Abstract. Image patches of different roughness are likely to have different perceptual significance. In this paper, we introduce a method, which separates an image into layers, each of which retains only pixels in areas with similar spectral distribution characteristics. Simple color indexing is used to index the layers individually. By indexing the layers separately, we are implicitly associating the indices with perceptual and physical meanings thus greatly enhancing the power of color indexing while keeping its simplicity and elegance. Experimental results are presented to demonstrate the effectiveness of the method.

1 Introduction An effective, efficient, and suitable representation is the key starting point to building image processing and computer vision systems. In many ways, the success or failure of an algorithm depends greatly on an appropriately designed representation. In the computer vision community, it is a common practice to classify representation schemes as low-level, intermediate-level and high level. Low-level deals with pixel level features, high level deals with abstract concepts and intermediate level deals with something in between. Whilst low level vision is fairly well studied and we have a good understanding at this level, mid and high level concepts are very difficult to grasp, certainly extremely difficult to represent using computer bits. In the signal processing community, an image can be represented in the time/spatial domain and in the frequency/spectral domain.
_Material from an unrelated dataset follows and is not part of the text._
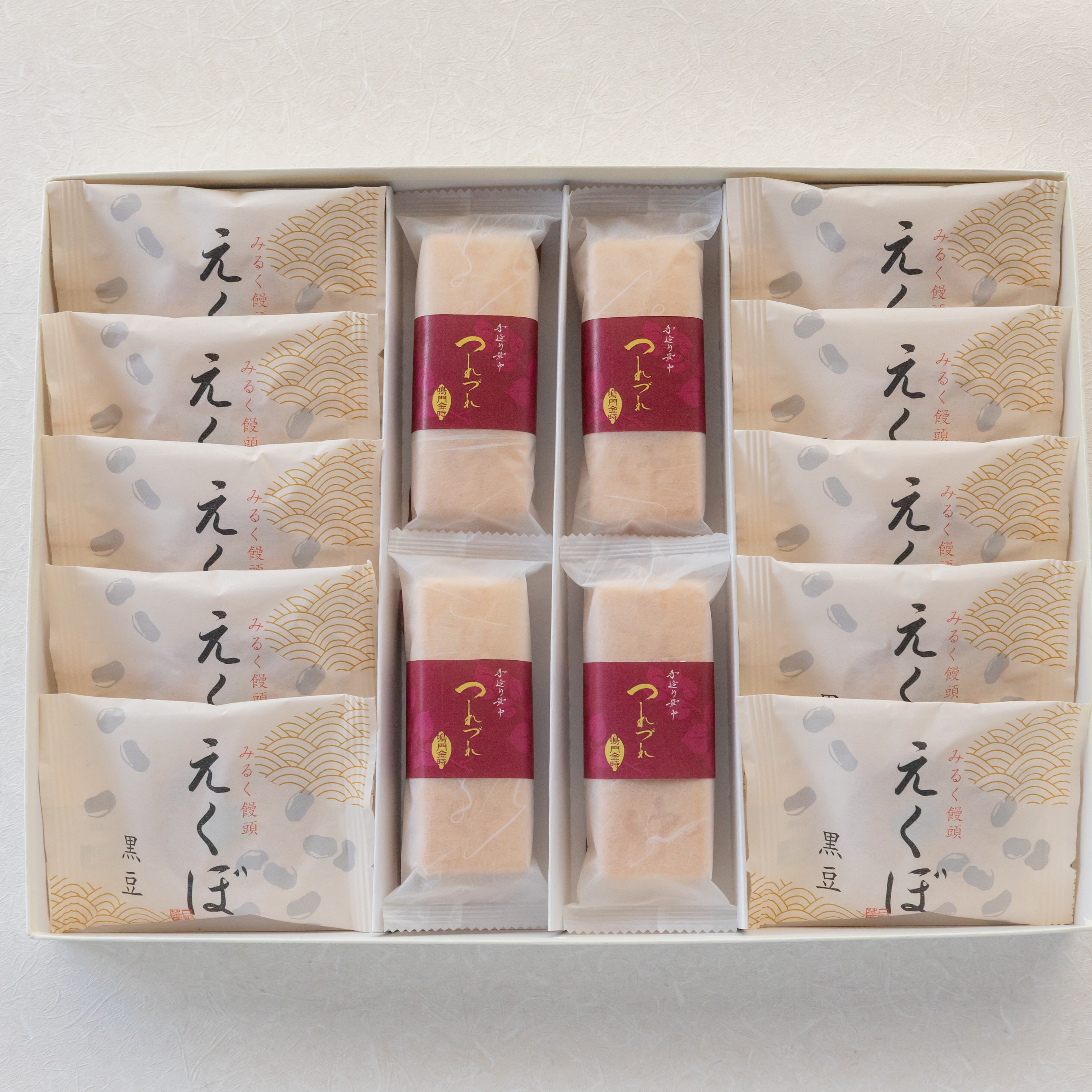 14個入:みるく饅頭えくぼ×10個、手造り最中つれづれ芋餡×4個

In contrast to many vision approaches, signal processing is more deeply rooted in mathematical analysis. Both time domain and frequency domain analysis technologies are very well developed, see for example many excellent textbooks in this area, e.g., [8]. A signal/image can be represented as time sequence or transform coefficients of various types, Fourier, Wavelet, Gabor, KLT etc. These coefficients often provide a convenient way to interpreting and exploiting the physical properties of the original signal. Exploiting well-established signal analysis technology to represent and interpret vision concepts could be a fertile area for making progress. Content-based image and video indexing and retrieval have been a popular research subject in many fields related to computer science for over a decade [1]. Of all the challenging issues associated with the indexing and retrieval tasks, “retrieval relevance” [7] is probably most difficult to achieve. The difficulties can be explained

in a number of aspects. Firstly, relevance is a high level concept and is therefore difficult to describe numerically/using computer bits. Secondly, traditional indexing approaches mostly extract low-level features in a low-level fashion and it is therefore difficult to represent relevance using low-level features. Because low-level features can bear no correlation with high level concepts, the burden has to be on high-level retrieval strategies, which is again hard. One way to improve the situation is to develop numerical representations (low-level features) that not only have clear physical meanings but also can be related to high level perceptual concepts. Importantly as well, the representations have to be simple, easily to compute and efficient to store. There is apparent evidence to suggest that human vision system consist of frequency sensitive channels [6]. In other words, when we see the visual world, we perform some forms of frequency analysis among many other complicated and not yet understood processing. Following the frequency analysis argument, it can be understood, that when a subject is presented an image in front of her, she will “decompose” the image into various frequency components and processing each component with different processing channels (presumably in a parallel fashion). It is convenient to view such a process as decomposing the image into different layers, each layer consists of an image the same size as the original one, but only a certain frequency components are retained in each layer, i.e., a band-pass filtered version of the original image. On each layer, only those grid positions where the pixels has a certain “busyness” will have values other grid positions will be empty. It is to be noted that the notion of layered representation was used in [9] as well, but [9] dealt with motion and high level concept and is not related to what we are proposing in this paper. By decomposing an image into spectrally separated layers, we have applied the concept to the development of simple indexing features for content-based image indexing and retrieval (simplicity and effectiveness is an important consideration in this paper). The organization in the rest of the paper is as follows. In section 2, we present the idea. Section 3 presents an algorithm. Section 4 presents experimental results and section 5 concludes our presentation.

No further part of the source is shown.